For about five years I have been in Max's class. I've been submitting my drawings to him for review each week and listening to him go around the room reviewing others' drawings, and some of his sayings have become rooted in my memory:

"Draw the whole of the figure first, leave the smaller parts for later."

"Don't worry about getting the eyelashes and toenails. Get the big thing right."

"Who cares if you don't finish it?"

"Start another one."

"Draw lightly, and then when you have it all worked out, then you can make the lines darker. I like to sneak up on it."

"The really good artists have it all figured out before they even draw--so why don't you, who are not as good as they are, go lightly at first?"

"Make a figure drawing as big as you can, use all of the paper--remember, this is a life class."

"Learn to work to the size of what you are drawing on; that way, later, you can control the drawing or painting, and it won't control you."
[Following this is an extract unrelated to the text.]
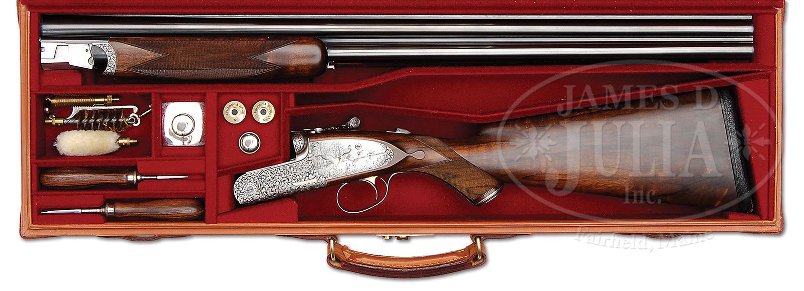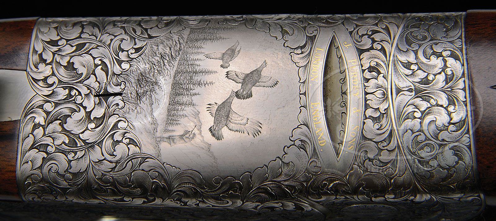 *TRULY EXCEPTIONAL SIMON COGGAN ENGRAVED PURDEY OVER-UNDER SIDELOCK EJECTOR HEAVY GAME GUN WITH CASE. SN 29467. Cal. 12 ga.3″ Chambers. 28″ Nicely struck demi-bloc bbls with full length, solid, file cut rib, are engraved “J. Purdey & Sons. Audley House, South Audley Street, London, England” on left side of top bbl. Bbl flats are stamped with 1995 London nitro proofs for 3″ chambers at 1200 BAR. Bbl makers initials SW (Scott Wood) are on bottom of bottom bbl, which are also stamped with tube numbers “77019” and “20”. Finely filed, rounded bar, Woodward type, low profile OU action features automatic safety (SAFE inlaid in gold), bolstered sides, gold line tumbler end cocking indicators, gold-plated internals, and gold-plated Purdey late type single trigger. Action and lockplates are engraved with exceptionally well cut, large, shaded, scrolled acanthus framing exceptional Bulino scenes of game birds; quattro of mallards are taking wing from cattail swamp with wooded background on left lockplate; pair of pheasant flushing from cover into woods on right; trio of chukar partridge being shot at by hunter in background on bottom of action. “J. Purdey & Sons.” is gold inlaid on scroll flanked device at bottom of each lockplate, and appears again on bottom of action over “London. England.” at front and back of forend iron recess. This exquisite work is by one of the finest engravers of our day, Simon Coggan, who apprenticed to his famous father, Phil, in 1993, and started full time with his own work in 1994, just a year before this gun was proofed. The Bulino scenes are exceptionally fine with wonderful detail, including dramatic cloudy skies. This particular gun is illustrated in an unfinished state on p. 234 of BRITISH GUN ENGRAVING by Douglas Tate. Scroll engraved single beaded trigger guard has SN engraved at grip, and extends to classic steel grip cap, which is also scroll engraved, and inlaid with initials “J. J. G”. Finely marbled and lightly figured European walnut pistol grip buttstock measures 14-3/4″ over 5/8″ brown leather covered pad, and features classic Purdey style drop points and point pattern checkering. The initials “JJG” are individually inlet into toe line. Matching one piece ejector forend has Anson release. Bore diameter: top -.726, bottom -.726. Bore restrictions: top -.020 (mod), bottom -.019 (mod) (Case charge card for this gun reads “Boring of bbls: right lead good 1/2 steel full. Left: good 1/2 steel full). Wall thickness: top-.034, bottom -.034. Drop at heel: 2-1/8″, drop at comb: 1-9/16″. Weight: 7 lbs. 15 oz. LOP: 14-3/4”. Original makers leather case with stitched leather corners has brown canvas leather trimmed outer cover. Interior is lined in burgundy cloth and has gold embossed black leather Purdey label along with charge card for this gun, on lid. Accessories include two piece brass and rosewood cleaning rod with mop, jag, and brush, 12 ga broken case extractor, Purdey marked square oil bottle and snap caps, striker bottle with spare strikers, and two rosewood handled turnscrews, along with the key. CONDITION: Excellent, near new, showing evidence of only very light compassionate use, with only a few of the lightest, almost unnoticeable, marks on wood and metal, mostly on right side of butt. Top grain of leather covering of pad shows some lifting. Bores are excellent, mechanically crisp, with perfectly timed ejectors. Case leather is excellent, with some very slight marks. Outer cover is also excellent, leather trim showing some abrasion, and canvas some fading. Straps and handle are fine. Interior cloth is very fine, showing slight soiling and marks from contact with action and bbls. Labels are excellent. Charge card has a slight smudge. Accessories are excellent. Simply a wonderful gun. 4-47168 MGM35 (45,000-55,000)

"Leave the head for last, don't worry about the head."

"Don't draw the head first and then draw the figure; you might as well draw the ear first and try to make everything follow from that."

"Drawing is difficult, but you will get better."

"I know it's not easy, but if it was easy, anybody could do it, and where would be the challenge in that?"

"It's good to work from memory."

"Get the action, whatever you do get the action."

"Measure, measure; at first you should be able to prove everything you draw, with measurement."

"Feel it, stare at the pose for a long time before you draw; I used to sometimes just sit and stare and the figure without drawing for a long time, because I wanted to understand the pose."

"Use a mirror sometimes; you can see your mistakes in a mirror; we used to carry compacts and look over our shoulders into the compact mirrors at our drawings."

"My old teacher used to say, your ten-thousandth head will be better."

"My old teacher used to say, you improve by the square mile."

"Never draw without the model."

"Look at the model--don't be afraid, just look. The trick is to see what you are looking at."

"Think in terms of charcoal."

"You've been cheating--you've been practicing."

"You should feel gravity pulling on that figure."

"May I draw on your paper or were you going to sell that one?"
After studying with Max for these years, struggling to put these ideas into practice and sweating much blood, I have begun to learn a lesson that goes far beyond drawing. I only pray that someday the fingers I draw won't look like sausages.